* [GIVEN DATA]:
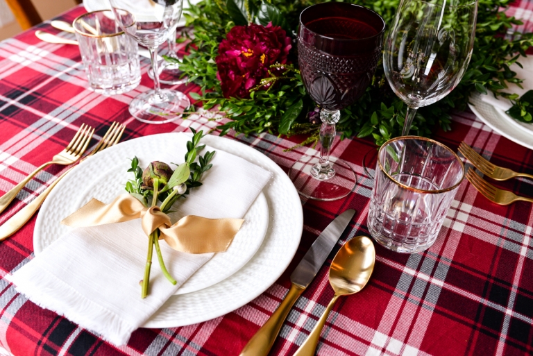 Festliche Dekoration im klassischen Stil mit verspielten Karo-Motiven und echten Blumen
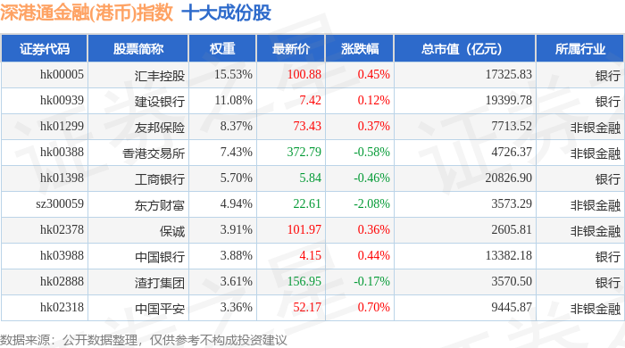 深港通金融(港币)(983026)指数十大成份股详情如下:
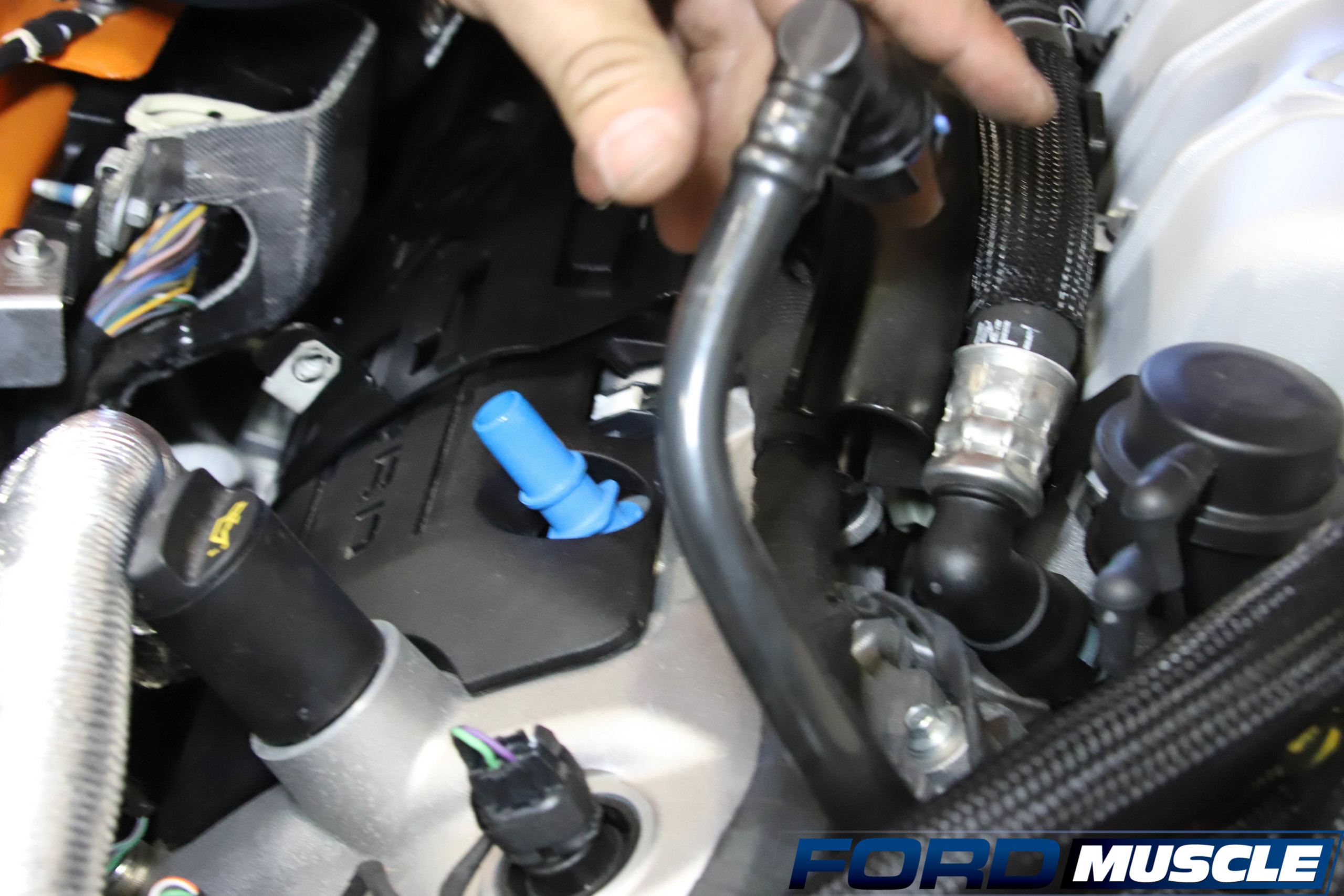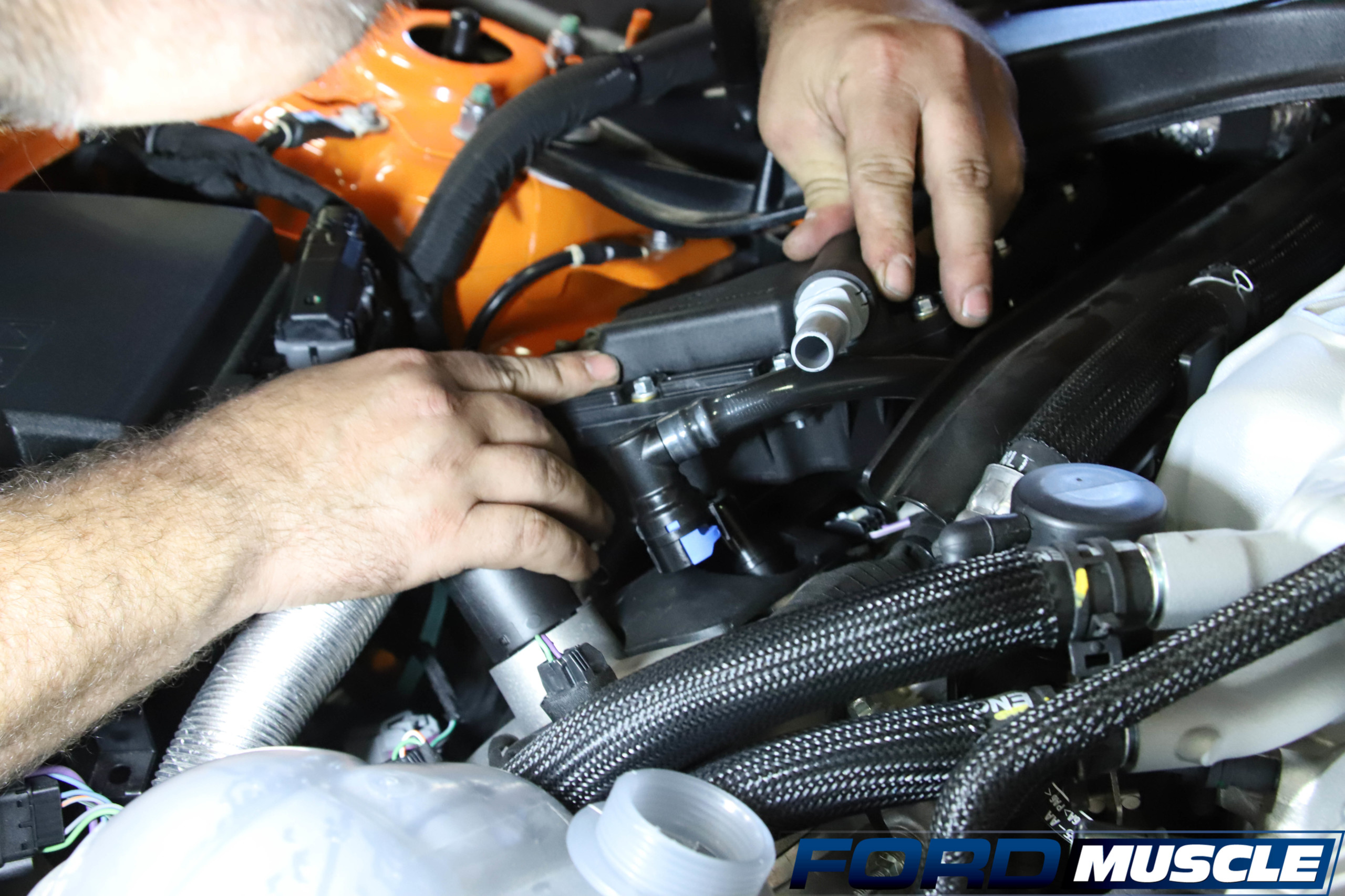 The purpose of the Ford Performance oil separator is to prevent oil vapor from entering the intake system or inevitably finding a new home in our intercooler. Even though this is considered a performance modification, all GT500 owners could see the benefits of an oil separator installed. Since we were pushing past the factory power levels we thought it was time to address this. Aside from being a quality kit that serves its purpose, it also includes a drain back to the valve cover, which makes it essentially maintenance-free and removes the messy oil tank draining process.

* [BRIEF]: The response should restate the material above word for word and contain no pictures.

* [ANSWER BELOW]:
 Festliche Dekoration im klassischen Stil mit verspielten Karo-Motiven und echten Blumen
 深港通金融(港币)(983026)指数十大成份股详情如下:
 The purpose of the Ford Performance oil separator is to prevent oil vapor from entering the intake system or inevitably finding a new home in our intercooler. Even though this is considered a performance modification, all GT500 owners could see the benefits of an oil separator installed. Since we were pushing past the factory power levels we thought it was time to address this. Aside from being a quality kit that serves its purpose, it also includes a drain back to the valve cover, which makes it essentially maintenance-free and removes the messy oil tank draining process.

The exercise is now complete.